The aims of the study were:
- To assess the association between clinical variables and the type of cancer;
- To create a predictive model that allows predicting type of cancer for new cases;
- To classify patients in clusters according to their clinical characteristics.
Building of neural networks
We constructed 200 classifying neural networks with the automatic search mode. All variables in the database (except for the patient identification number) have been introduced into the model. The cases were divided into learning, testing and validation samples in the 70:15:15 ratio.
For further quality assessment, we selected six networks with the highest stability between test and validation. The additional criterion was the quality at least 96%.
Quality assessment of the network
The error matrix has shown that a neural network number 195, composed of 19 hidden neurons, has classified patients unmistakably. Global sensitivity analysis indicated that we can remove from the model three variables. A set of networks was rebuilt. In the next step, as in the first, selection of networks was based on quality assurance (at least 96%) and the stability between testing and validation samples.
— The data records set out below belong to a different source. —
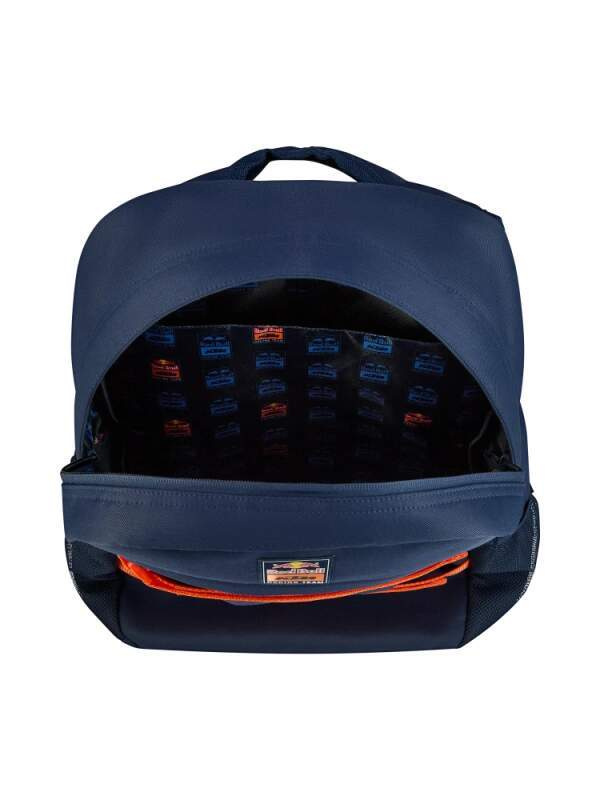 Fanouškovský batoh KTM Red Bull Racing v barvách kolekce Essential. Tmavě modré zpracování doplněné logem KTM Red Bull Racing a oranžovými prvky. Design ESSENTIAL Prostor 18 litrů Hlavní i přední kapsa na zip Nastavitelné popruhy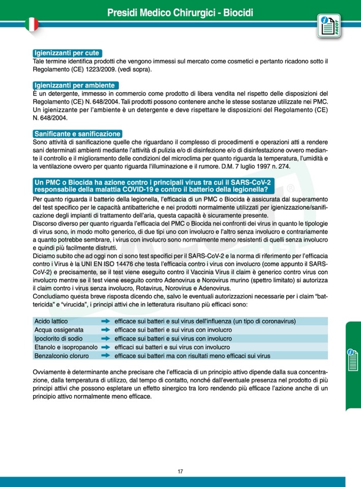 tericida” e “virucida”, i principi attivi che in letteratura risultano più efficaci sono: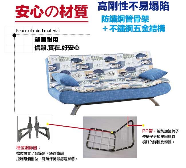 商品 介紹 | 【綠家居】藍歐透氣亞麻布展開式沙發椅/沙發床 時尚藍色系+現代美型外觀+安心材質設計,就是這種頂級質感的設計,能輕鬆地融入各種空間風格,採用防鏽鋼管結構&不鏽鋼五金結構+防鏽金屬腳座+三層式高密度泡棉+透氣亞麻布等安心材質,品質安心有保障,現在購買專人送到府服務,免組裝+免運費,讓你省時省力省運費! 【商品特色】 時尚藍色系+現代美型外觀+安心材質設計 沙發將椅背展開後加上椅背分段式可調設計,十分輕易即可變成沙發床使用.實用機能性設計打造居家便利性 採用防鏽鋼管結構&不鏽鋼五金結構+防鏽金屬腳座+三層式高密度泡棉+透氣亞麻布等安心材質 專人送貨到府免組裝免運費服務,讓您省時又便利 |

The assessment of the error matrix showed that among the selected networks the most reliable is network number 72, built of 11 intermediate neurons.
Sensitivity analysis revealed that only one variable should be excluded. As the value of the crucial factor (0.998) was very near to decision line (1.0), it was abandoned to remove this variable. The model was saved as PMML file.
Construction of the Kohonen network
For the construction of the Kohonen network, we chose a set of variables tested in the model described above.
When building Kohnen network, the number of epochs was set at 1000, because at 200, 400 and 600 epochs the learning error was constantly decreasing. Further elongation was stopped for fear of losing the model due to long-term stabilization.
The number of neurons was determined experimentally so that the distribution of results formed a visually distinguishable pattern in the Kohonen graph, which was achieved at 8 x 8 neurons square.
A cumulative table was generated from the Kohonen chart, grouping patients according to the type of cancer. The tables were then generated for each cluster separately, with ranking based on the colour scale. Each cluster was assigned a serial number, and a table was created. Then the mean, standard deviation, median, and quartiles were calculated for all variables using the cluster number as a grouping variable. The normality or significance of the differences has not been assessed. Such a table can be subjected to further analyses, e.g. analysis of variance.
In the next step, a prediction of values for the test and validation group was made. The predictive classifications for the type of cancer were the same as real. This shows that the neural network obtained in this experiment is suitable for predicting values for new cases.